# EMS Magazine



## tricam (Jan 27, 2005)

Does anyone subscribe to this magazine?  Thoughts/opinions?  I just subscribed, so we'll see how it goes.

eric


----------



## emtbuff (Jan 27, 2005)

I have gotten a few of their magazine passed on by a coworker and I liked the articles and thought that it was a decent magazine.  I have thought about ordering either EMS Magazine or JEMS  haven't decided yet and waiting to make a little extra cash to pay for the subscription.


----------



## Jon (Jan 27, 2005)

> _Originally posted by emtbuff_@Jan 27 2005, 07:16 PM
> * I have gotten a few of their magazine passed on by a coworker and I liked the articles and thought that it was a decent magazine.  I have thought about ordering either EMS Magazine or JEMS  haven't decided yet and waiting to make a little extra cash to pay for the subscription. *


 I pay for JEMS. I like it.

For some reason, I have a free subscription to EMS Magazine.
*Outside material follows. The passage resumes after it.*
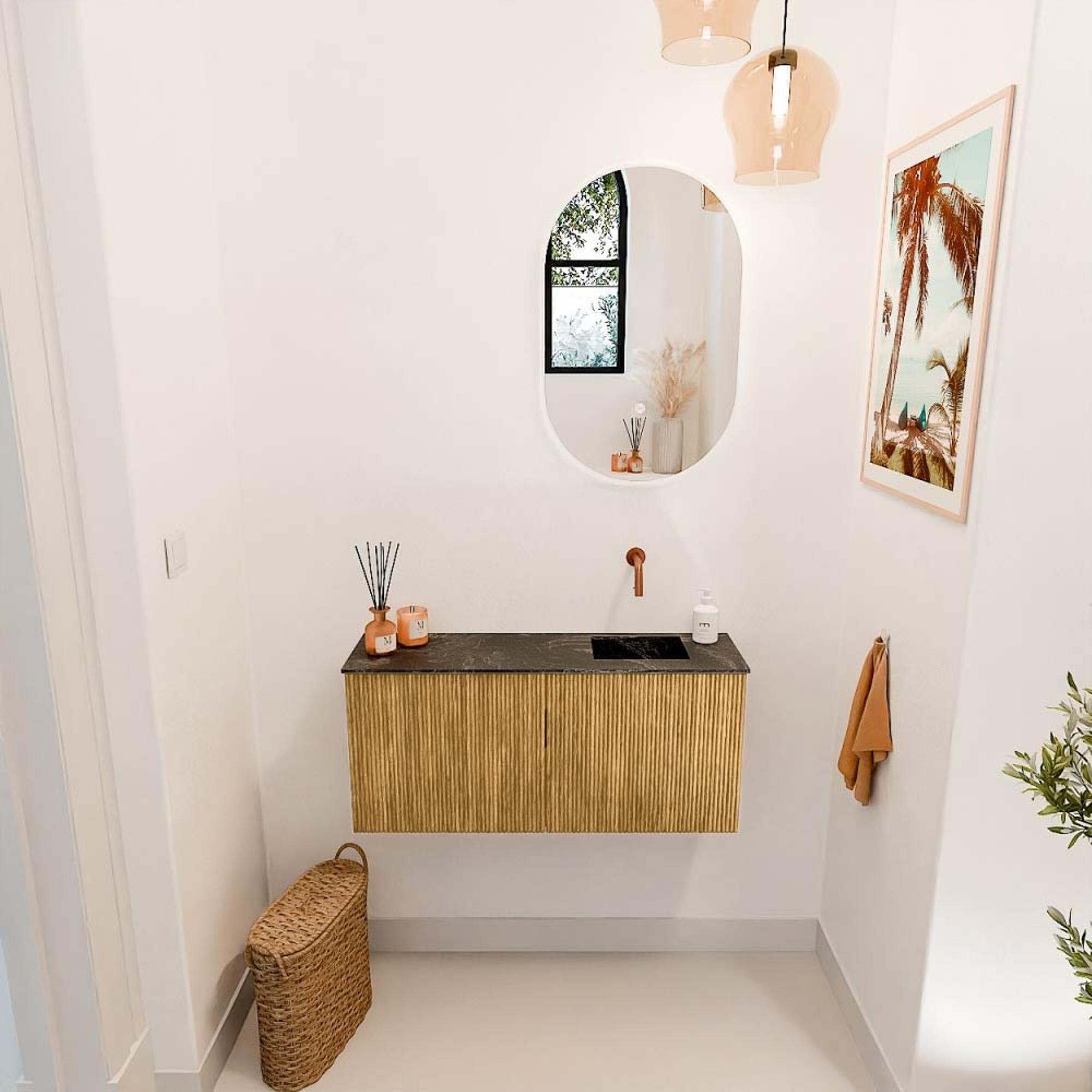 Mondiaz JOYA-DLUX 90cm toiletmeubel - kleur Oak - Wastafel FAYE positie Rechts Zonder kraangat kleur Lava.
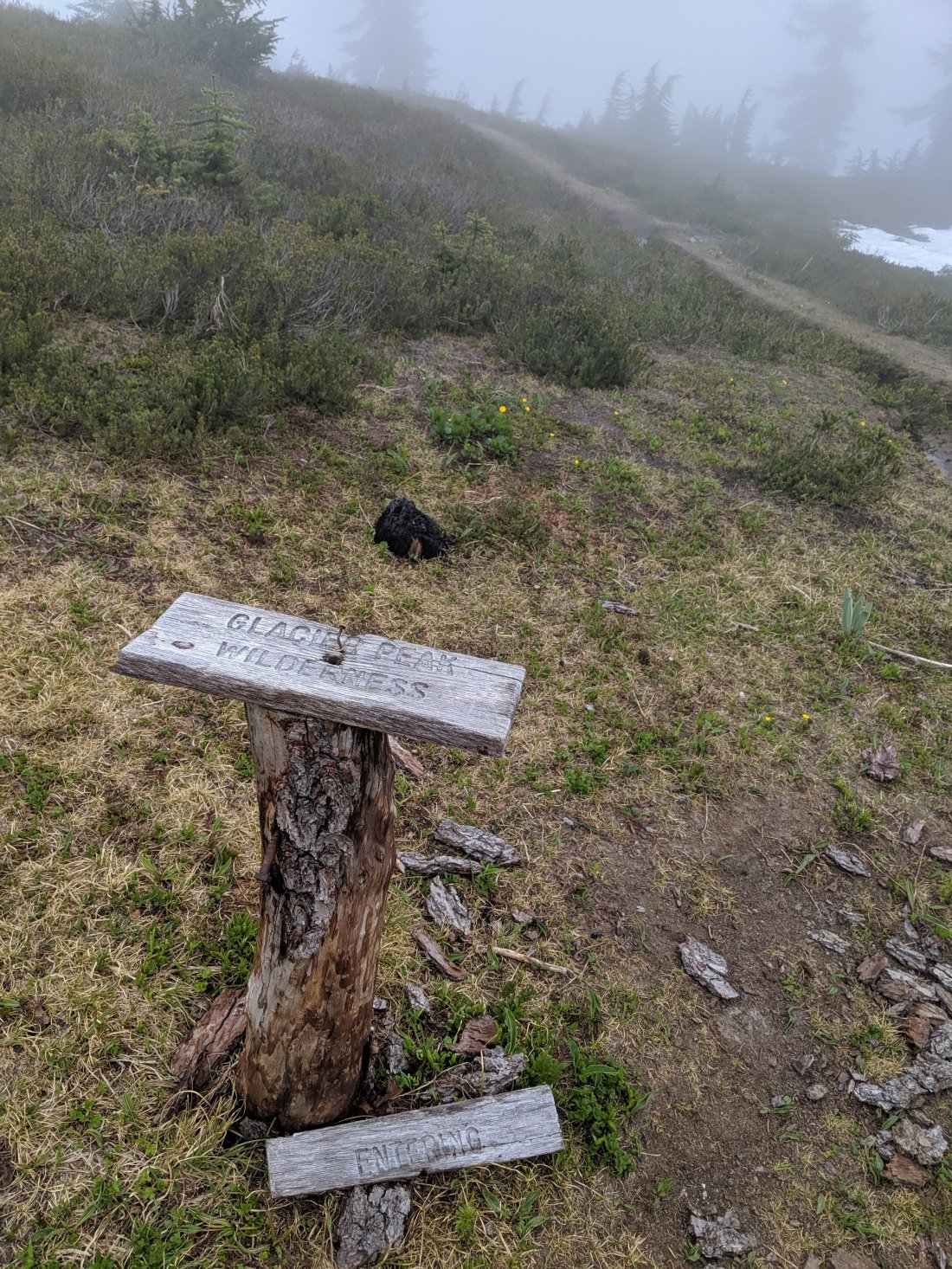 I came across the sign that signaled the end of Glacier Peak National Forest around midday, but I barely noted the achievement. I was feeling quite dejected when I got to camp, my fingers were numb, I couldn’t untie my shoelaces which were soaked and it took several minutes if focus to peel off my wet socks that had become a second skin. I got in my sleeping bag to get warm about 5:30. I was laying there, too cold to read, trying to warm up, and I remembered what my sister had written me in her parting note to me, to remember to celebrate my victories. I had cleared the toughest mountain pass and the toughest wilderness of the trail that day. I was too cold and tired to eat again, shivering in my sleeping bag, but I remembered to be proud of myself. Once I got myself warm enough, I even felt it a little bit.

Nice 2nd place to JEMS, but I will only pay for one.


Jon


----------



## runindash05 (Jan 28, 2005)

Where do you get the subscription to JEMS?

Brandon  :lol:


----------



## PArescueEMT (Jan 28, 2005)

Here:

Jems subscription


----------



## MMiz (Jan 28, 2005)

I also subscribe to JEMS and like it.  Sure there are lots of Ads, but I really do think it's a great resource!


----------



## Jon (Jan 28, 2005)

> _Originally posted by PArescueEMT_@Jan 28 2005, 07:25 PM
> * Here:
> 
> Jems subscription *


 you can also get a free 6-month if you go to EMS today


----------